The AMAZU Treetop Adventure opened in April 2014 on the former site of the Monkey & Bird Garden. The area features adventure trail walkways, play areas and Aztec theming. The area has spider monkeys, saki monkeys, red-handed tamarins, golden-headed lion tamarins, Bolivian squirrel monkeys, Geoffroy marmosets, capybara, military macaws, Ecuadorian red-lored amazons, giant wood rail, agouti and three-banded armadillo. The animals in the area can either be viewed on ground or through the Amazu raised walkways, some of which, go through the enclosures.

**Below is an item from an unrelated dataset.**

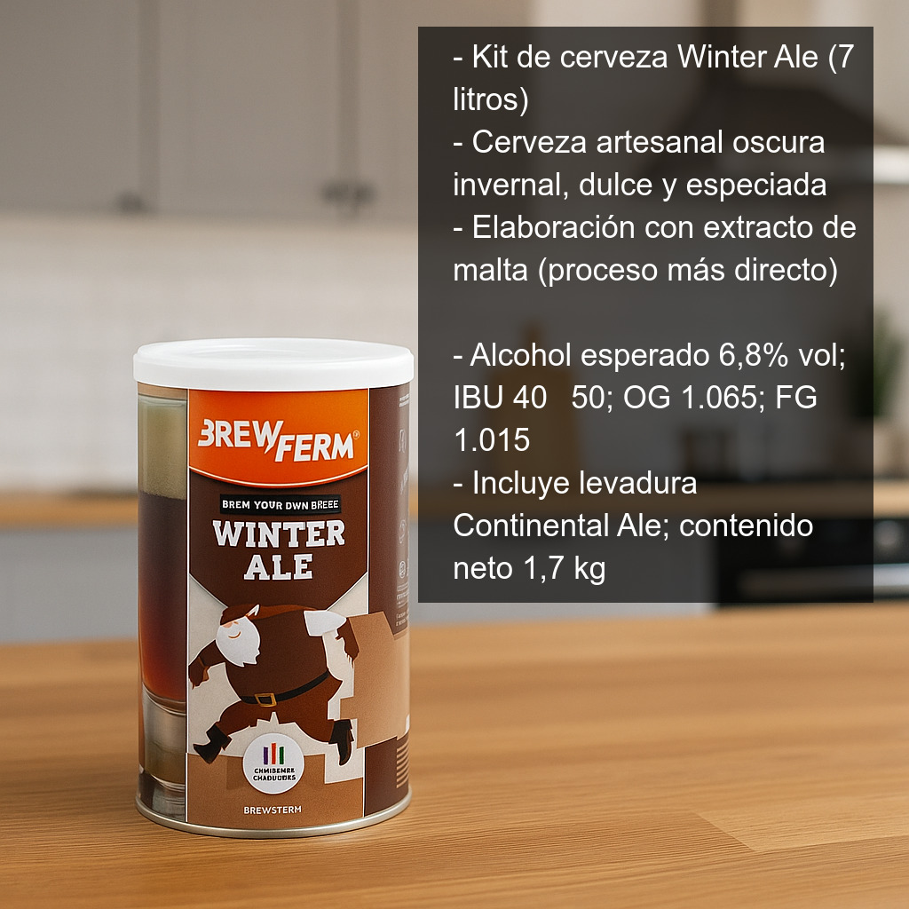 El Kit de cerveza Winter Ale (7 litros) es ideal para elaborar en casa una cerveza artesanal oscura de estilo invernal, tradicional de la época de Navidad, pero perfecta para disfrutar durante todo el año. Se caracteriza por un perfil intenso, dulce y especiado, con cuerpo y calidez, que la hace muy agradable tanto para acompañar comidas como para tomarla tranquilamente como cerveza de postre.

Penguin Bay is a new area that opened in March 2015 as part of the Year of the Penguins. It features the long time residents of Chessington Zoo Humboldt penguins in a beach themed area. Seating for the demonstrations is aboard a shipwreck with a canopy. The new enclosure features glass walls to allow for better public viewing.

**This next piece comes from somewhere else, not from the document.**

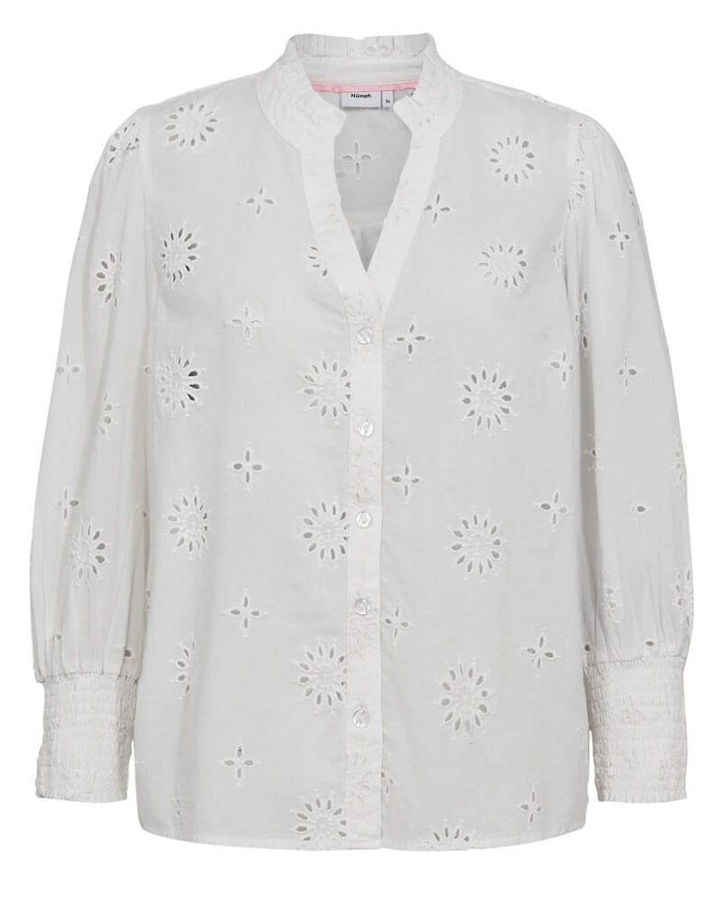 En feminin blus från danska Nümph i mjuk bomull med vackra hålsömsdetaljer.

===Chessington Sea Life Centre===
In 2008, Chessington Zoo opened Chessington Sea Life Centre on the site of the old children's Zoo, as an attempt to both determine if the park had a positive future and also to attract more multi-day visits. The Sea Life Centre, which is part of a franchise operated by Merlin Entertainments, has a number of exhibits including a Ray Pool and a touch pool. The Sea Life Centre is split into four areas: Our Shoreline, The Reef, Amazonia and Azteca which features the signature Ocean Tunnel.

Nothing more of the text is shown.